Sudah menjadi pemahaman bersama pula bahwa makin banyak bermain makin meningkatlah pengalaman bertanding, tentunya hal ini akan meningkatkan kualitas dari tim-tim asal Asia Tenggara. Belum lagi keuntungan finansial yang mungkin didapat oleh setiap kontestan. Baik dari sponsor, hak siar televisi dan tiket stadion tentunya.
Nilai positif yang didapat dari ASL yang bisa jadi meningkatkan kualitas sepak bola Asia Tenggara ini membuat apa yang diraih oleh JDT mungkin saja bisa diraih tim asal Asia Tenggara lain, secara bertahap mungkin ke depannya bisa saja Asia Tenggara merusak dominasi Asia Barat dan Asia Timur di Liga Champions Asia.
Apabila boleh bermimpi lebih jauh lagi ASL akan berpengaruh kepada peforma tim nasional, dan bisa saja membuat kita bisa menyaksikan salah satu negara asal Asia Tenggara kembali berlaga di Piala Dunia. Asia Tenggara akan mengaum kembali.
Namun seperti buah simalakama, ASL tidak hanya mendatangkan keuntungan luar biasa bahkan memiliki dampak besar terhadap kemajuan sepak bola Asia Tenggara, tetapi ada resiko besar yang ditanggung oleh setiap kontestan.
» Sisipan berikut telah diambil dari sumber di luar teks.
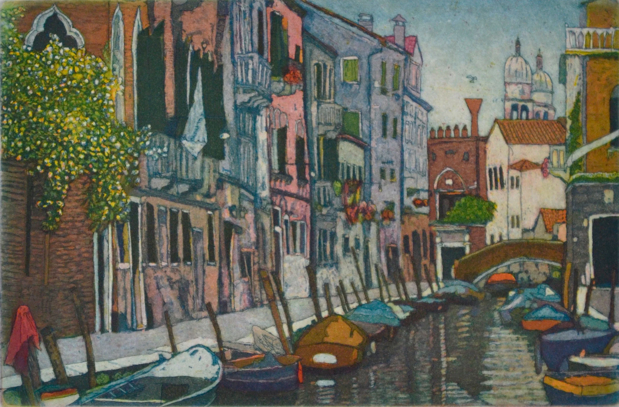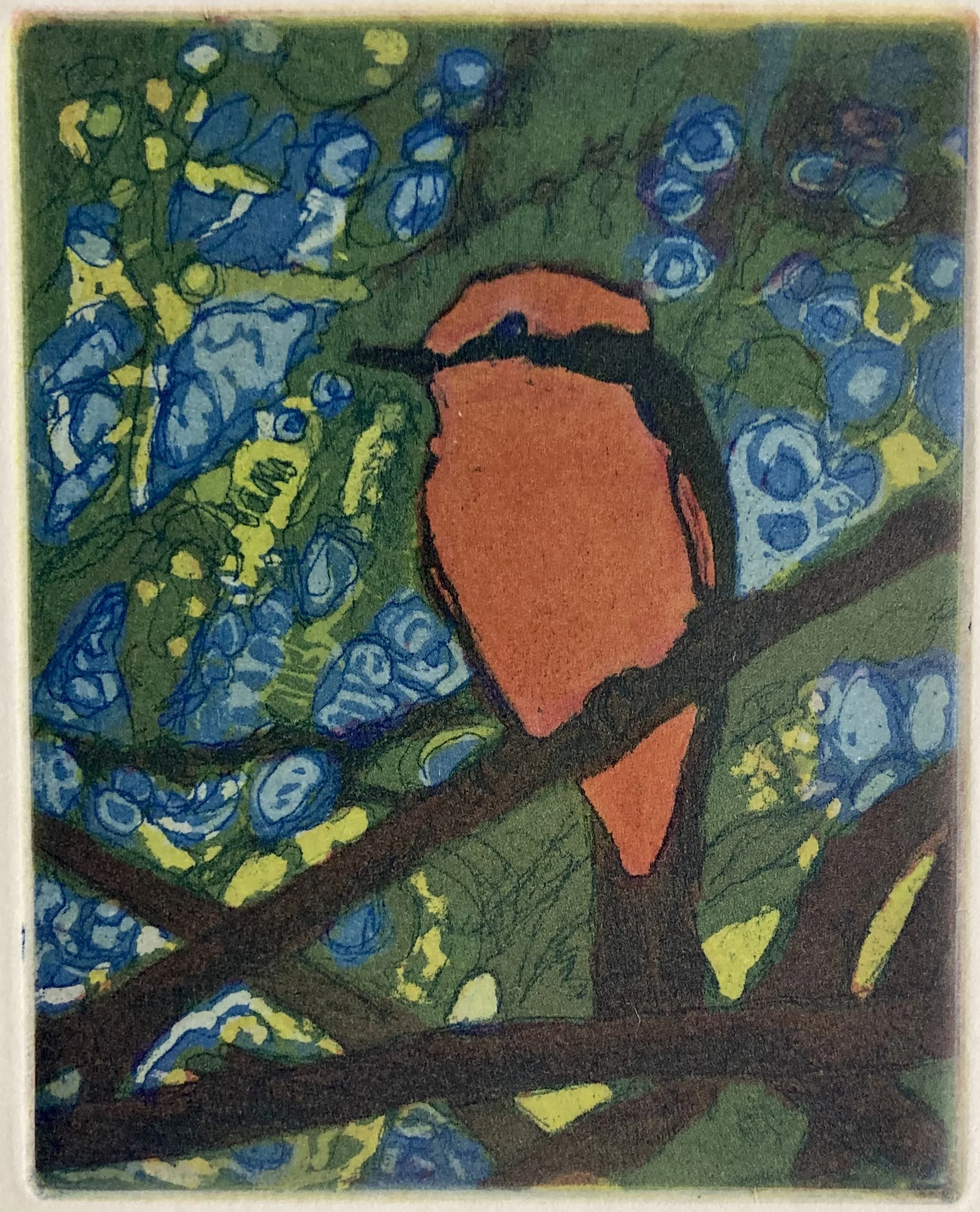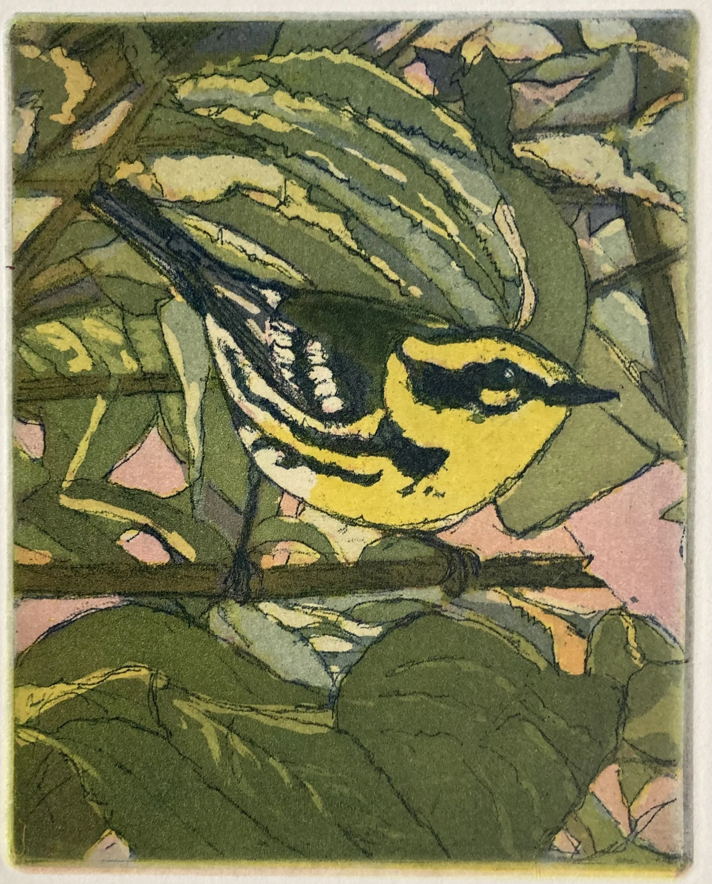 Toney's etchings are known for their rich diversity of color achieved by a multiple plate color etching process. The larger work, mostly diptychs and triptychs, juxtaposes natural and manmade images inspired by her environment. Other etchings chronicle her travels to France, Germany, Holland, Italy, and Switzerland. With colorful detail, she focuses on recreating a certain mood or moment both in and out of her home.

Mengenai jadwal yang mesti disesuaikan dan berpengaruh terhadap pengeluaran ekstra yang akan dikeluarkan oleh setiap peserta karena akan berlaga di kompetisi tambahan.
Seperti keluhan yang disampaikan oleh Jan Steinbrunner, pelatih Geylang United, klub asal Singapura.
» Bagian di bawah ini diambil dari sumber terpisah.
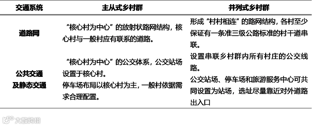 根据空间结构、经济发展、组织管理等关系,将乡村群分为主从式、并列式和互补式,其中后两者交通特性近似,乡村群交通规划主要针对主从式、并列式。
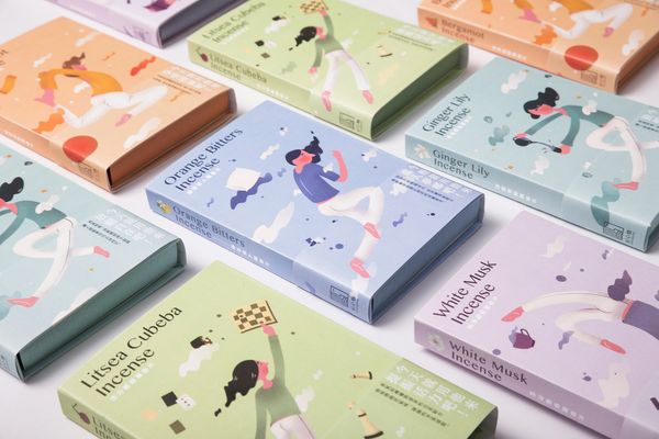 香氛產品設計包裝以插畫風格為主,採用多種色彩和細膩的插圖呈現每種香味的特點,插圖不僅讓包裝更加生動有趣,也讓消費者能夠在視覺上感受到不同香味所帶來的情感價值。每一款香氛都有其專屬的顏色和圖案,適合個人保養品和家居用品市場,能夠幫助消費者在購物時快速識別出最符合自己需求的產品,並建立品牌的獨特形象。
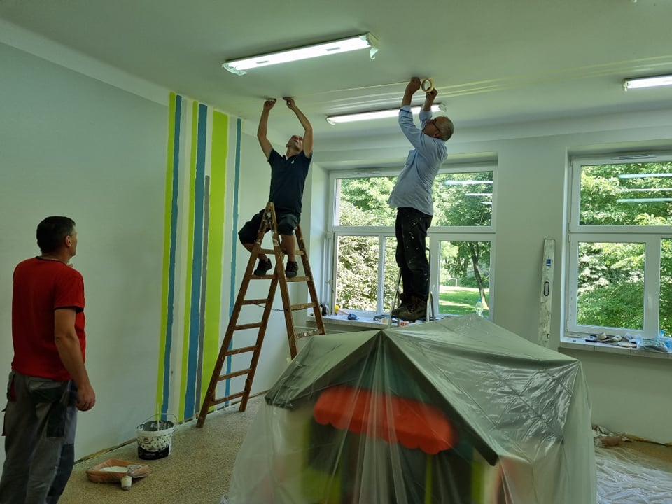 Trochę żal, że wakacje się skończyły. Pora jednak wracać do obowiązków. Warto więc zatroszczyć się, aby powrót był przyjemnością. Niewątpliwie tak się stało w grupie sześciolatków, na których, dzięki operatywności naszej Pani Dyrektor oraz zaangażowaniu Władz Gminy, czekała zupełnie odmieniona sala. Dla niektórych bowiem wakacje to czas wytężonej pracy, za którą SERDECZNIE DZIĘKUJEMY.
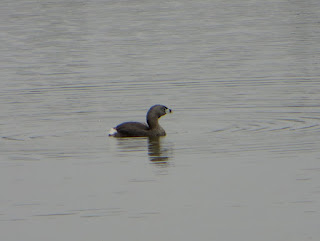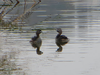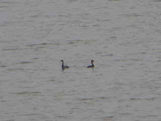 There were several Western Grebes at the lagoon, and one Clark's Grebe. The Clark's and one of the Westerns were hanging around together and, oddly, doing the head-bobbing typical of a courting ritual. Below are the Clark's and Western Grebes (Clark's on the left, Western on the right).
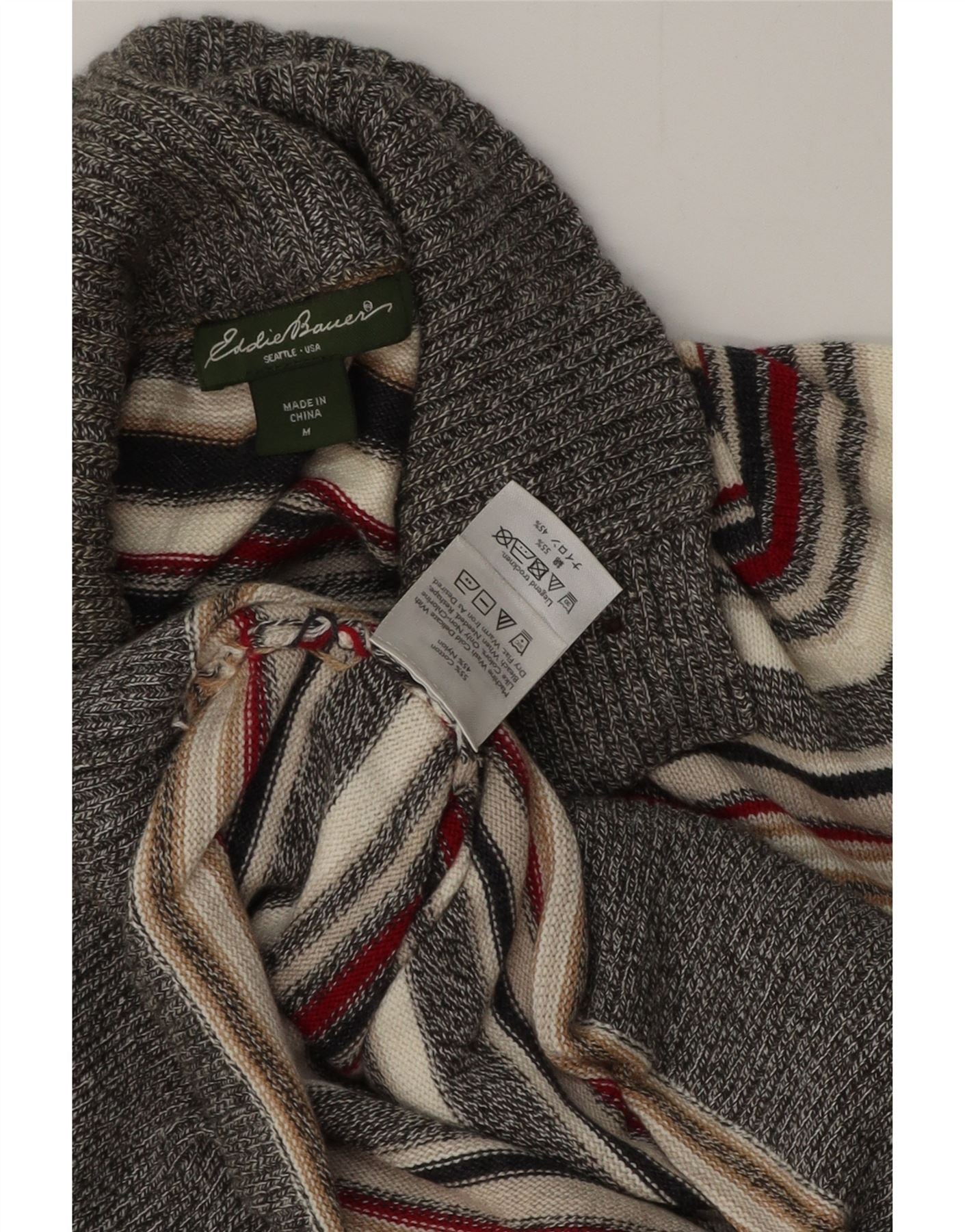 - AI beskrivelse: Denne Eddie Bauer sweater med knaphals til kvinder er lavet af blød 100 procent bomuldsstrik. Den har et klassisk stribet mønster i flerfarvede toner af grå, hvid og rød. Det falske halsdesign inkluderer en knaplukning til justerbar styling. Lange ærmer afsluttes med behagelige manchetter. Dens regulære pasform giver en tidløs og behagelig silhuet.
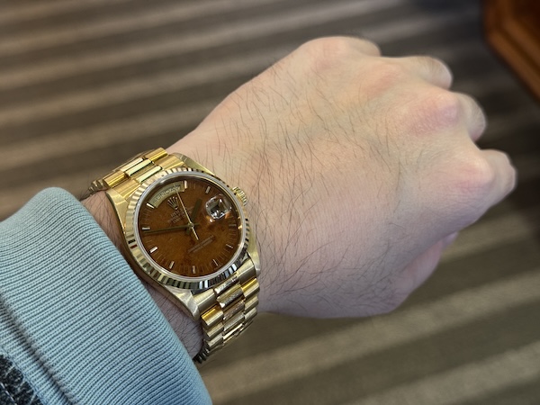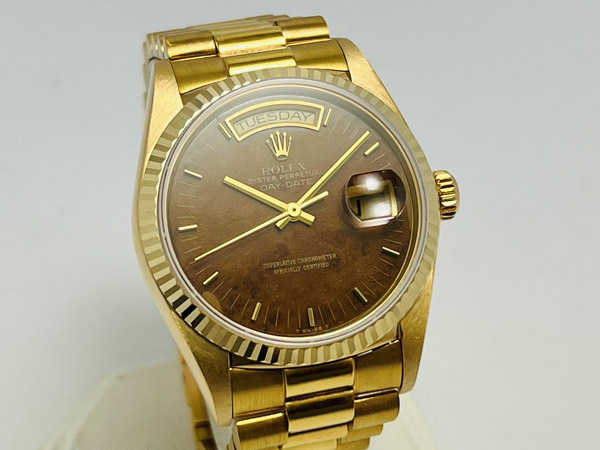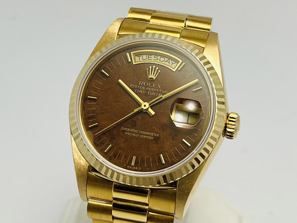 18K Yellow Gold. Oyster Perpetual Day-Date 18038 Birch 樺木 木紋面 36mm.

“Dengan adanya ASL, kami jelas membutuhkan para fans untuk bertandang di kompetisi tambahan, ini sangat tidak baik bagi S-League, kami tidak mungkin mengacuhkan kompetisi domestik kami,” sebut Steinbrunner seperti yang dilansir ESPN FC.
Yang disampaikan oleh Steinbrunner tersebut menujukan poin utama ada di masalah penjadwalan, karena dengan bertambahnya kompetisi maka akan berpengaruh terhadap apa-apa yang terjadi di kompetisi domestik.
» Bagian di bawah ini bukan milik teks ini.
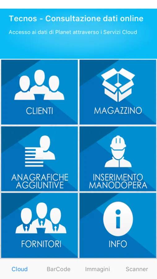 L’app Tecnos Cloud permette di consultare direttamente dal telefono le anagrafiche clienti, fornitori e magazzino, consente inoltre di inserire rapportini giornalieri imputando le ore di manodopera e i materiali utilizzati ad una commessa aperta, ad un intervento o senza indicazione.
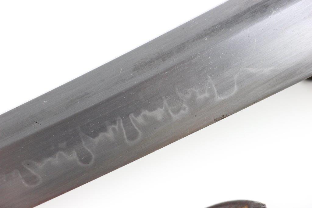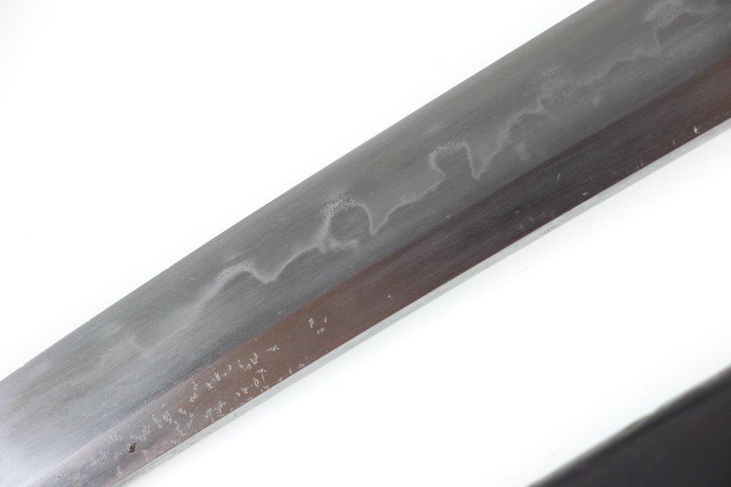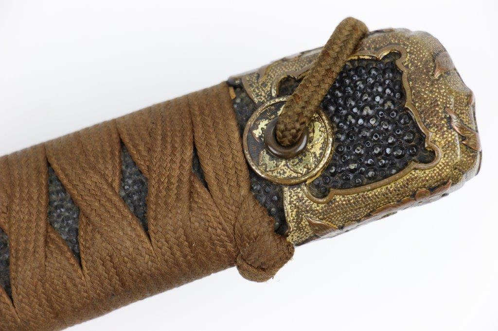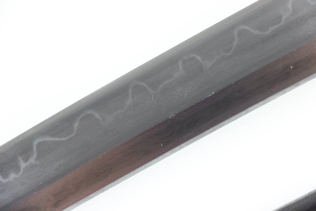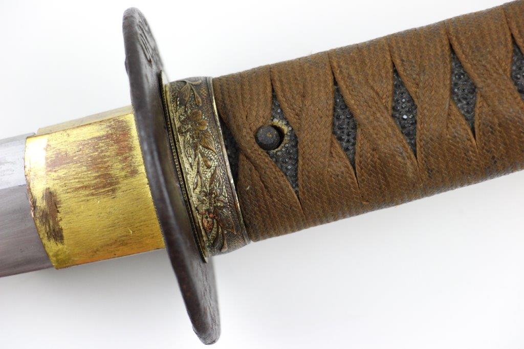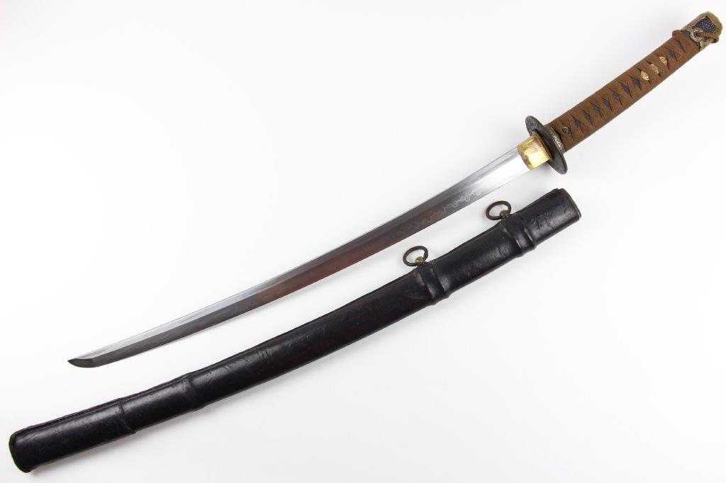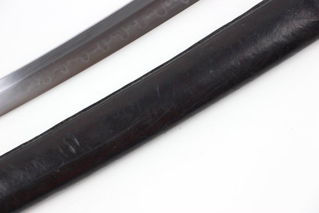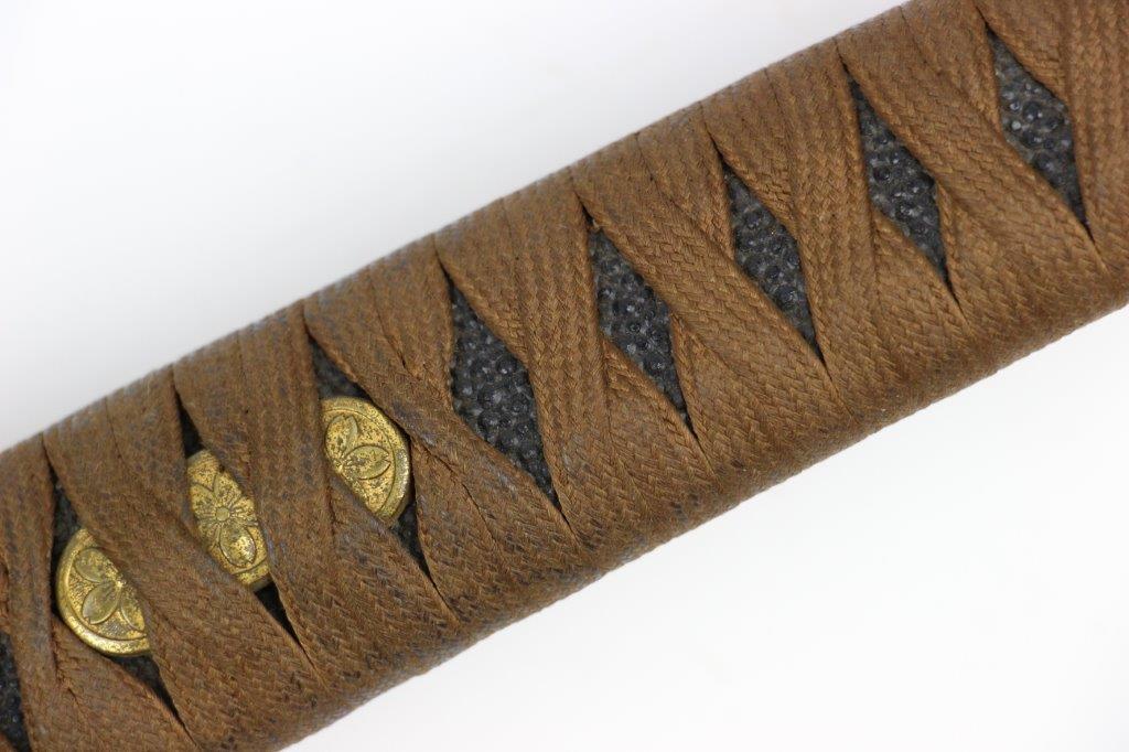 8/26/24 – This is a traditionally made Japanese Family Sword signed by yamashiro Fujiwara Kane yoshiyuki from the 1700s. The sword is fitted with WW2 Japanese Navy fittings, meaning this sword was carried to war by a Naval Officer during WW2. This is characterized by the black ray skin handle with brown cloth wrapping, and the Navy style scabbard. Interestingly, the sword blade has a 23 inch cutting edge, which would typically not be allowed during the war as an Officer’s Sword, but exceptions were made for pilots, tank crew members, and naval landing forces. The shorter length is highly sought after by collectors today. The sword was originally made as a wakizashi and has never been cut down or shortened. The blade also features a beautifully distinct and jagged tempered edge. There’s some mild surface rub wear and speckling which is mostly near the tip of the blade. Overall the blade is in great condition. The tsuba is a civilian style which must have been customized by the officer. There’s natural patina and age but no major issues. Comes with an original Type 97 Navy style scabbard (2 mounting rings) with desirable field-leather wrapping. Overall length is about 33.50 inches.

Para pemain memang akan bermain terus, namun imbasnya mereka akan tidak fokus karena kelelahan yang disebabkan bermain di banyak kompetisi, belum lagi perjalanan sebelum pertandingan yang bisa jadi berpengaruh terhadap peforma pemain di lapangan.
Dengan bertambahnya kompetisi, tentu pengeluaran ekstra akan dikeluarkan oleh klub, terutama laga tandang, karena awayday ke luar negeri jelas membutuhkan dana esktra dibandingkan bertandang di kompetisi domestik yang sudah terhitung dalam anggaran awal.
Maka konsep dari ASL sendiri mesti lebih dimatangkan dan disesuaikan, apalagi visi yang dicanangkan adalah bernilai positif yaitu kejayaan sepak bola Asia Tenggara.